Разноцветные педали
Шрифт:
Для того, кто всё это видел, тоже включился фильм-катастрофа. Смотрите, участвуйте.
О том, какие силы выслали наводить порядок обеспокоенные Ариночкины родственники, – и говорить не стоило. Скоро демонстранты перестали иметь даже численное преимущество.
Один за другим Арина слушала доклады. Она слушала. Слушала. И хмурилась. А ещё бледнела. Хотя никогда румянцем и не отличалась. Она была очень бледный индеец. Вождь, вождь...
– Пусть они всё объяснят спокойно! – твердила она, продолжая находиться на позициях пацифизма. –
– Там ещё Быков, – сообщил Валера. Будет она Быкову-то звонить, раз он такой весь из себя спаситель? Конец хоть ссоре?
Валера представил, как свиреп там, на улице, сейчас Лёха Быков, как угрожающе бренчит ожерелье из человеческих зубов у него на шее, как оно повергает строптивых в ужас одним только своим видом...
Валера, эх, Валера...
Это Валера сам себе сказал. Чтобы мозг не лопнул. Не верилось в правдивость происходящего! Ох, не верилось!

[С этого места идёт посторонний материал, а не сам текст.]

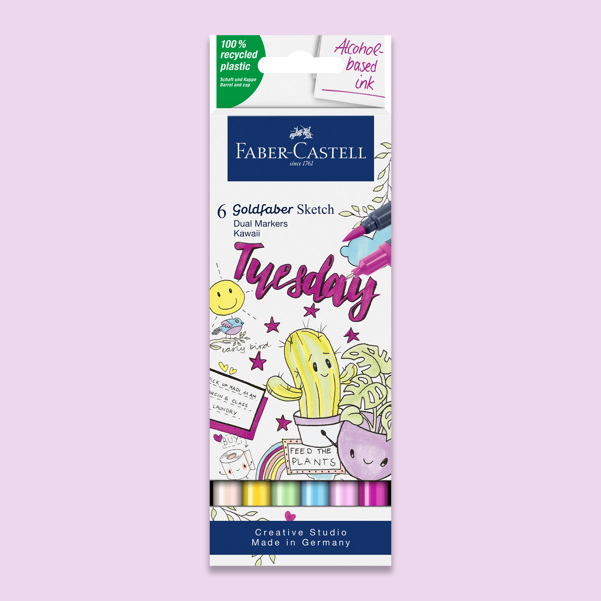 The ink is smudge-proof, water-resistant and dries quickly. High coverage through repeated application of the colors and streak-free blending. Caps and holder are made of 100% recycled material and may show color variations due to production. Box of 6 colors: 382/107/312/164/119/125.

– Да, Лёха... Великодушный человек, – улыбнулась Арина. – Хорошо. Вы им скажите, чтобы никакого насилия. Жизнь такая интересная штука. Она не горячая вода, чтобы её... выключать вот так на раз...
Она долго ничего не говорила. Кому было велено, бросились звонить. Там, во внешнем мире, всё уже было хорошо. Мир, тишина, победа, все отправляются по домам. Все свободны.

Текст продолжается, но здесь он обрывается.